Coronavirus legislation and home education

The Coronavirus Act, which was passed on 26 March 2020 as emergency UK legislation, has enabled the government to make ‘educational closure directions’, whereby some of the legal duties that apply to local authorities have been temporarily suspended.

According to Enquire (as at 14 April 2020):

Whilst the schools are closed, parents’ duties to educate their children and send their children to school are effectively suspended. This means you cannot be prosecuted for failing to send your child to school if their school has closed due to the coronavirus outbreak.

Given that home educators are subject to the same restrictions on accessing educational activities, resources and establishments that have closed or become unavailable due to the pandemic, the parental’ duty to provide education for school-age children ‘by other means’ (including home education) is also effectively suspended.

Local Authorities should meanwhile process withdrawal from school requests as normal since there is nothing to prevent completion of a purely administrative task remotely during the lockdown. 

For more detailed information on the emergency coronavirus legislation in relation to children’s education and welfare, please refer to the Enquire website. 

Update (14 May 2020)

Iain Nisbet’s latest newsletter helpfully sets out changes to legislation and guidance in Scotland due to the pandemic – Additional Support Needs Update (Issue 7)
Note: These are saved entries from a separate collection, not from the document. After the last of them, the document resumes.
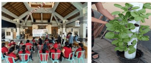
Figure 14. (Verticulture and Vegetable Harvesting Socialization)
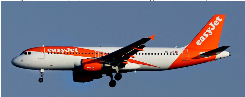
HB-JZR Airbus A320-214 Easyjet 26/12 Paul Whincup

Other flights:-17/12 G-EZIM(41QV/9019) arrived from Geneva, positioned out to Liverpool.
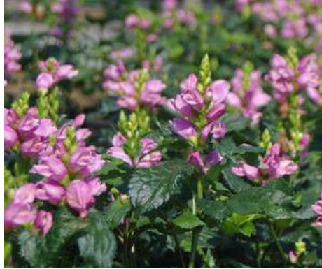
Chelone lyonii 'Hot Lips' Pink Turtlehead

HEIGHT: 3' TYPE: Broadleaf Perennial HARDINESS: Zone 3 to 8 BLOOM COLOR: Pink BLOOM PERIOD: August to September NATIVE: Native Cultivar

Where a direction is in place, any failure to comply with the following duties is to be disregarded (to the extent that the failure is attributable to the direction): 

Section 1(1) of the Education (Scotland) Act 1980 (provision of education)
Section 14 of the 1980 Act (education for children unable to attend school)
Section 53(2) of the 1980 Act (free school meals)
Section 30 of the 1980 Act (duty on parents to educate their school-age children)
Section 35 of the 1980 Act (duty to enforce school attendance)

Although schools have been closed to most pupils since the end of March, the Scottish Ministers have not issued an educational closure direction. This means that the legal duties on parents and education authorities remain in place (albeit in a very different context to the one that we are used to).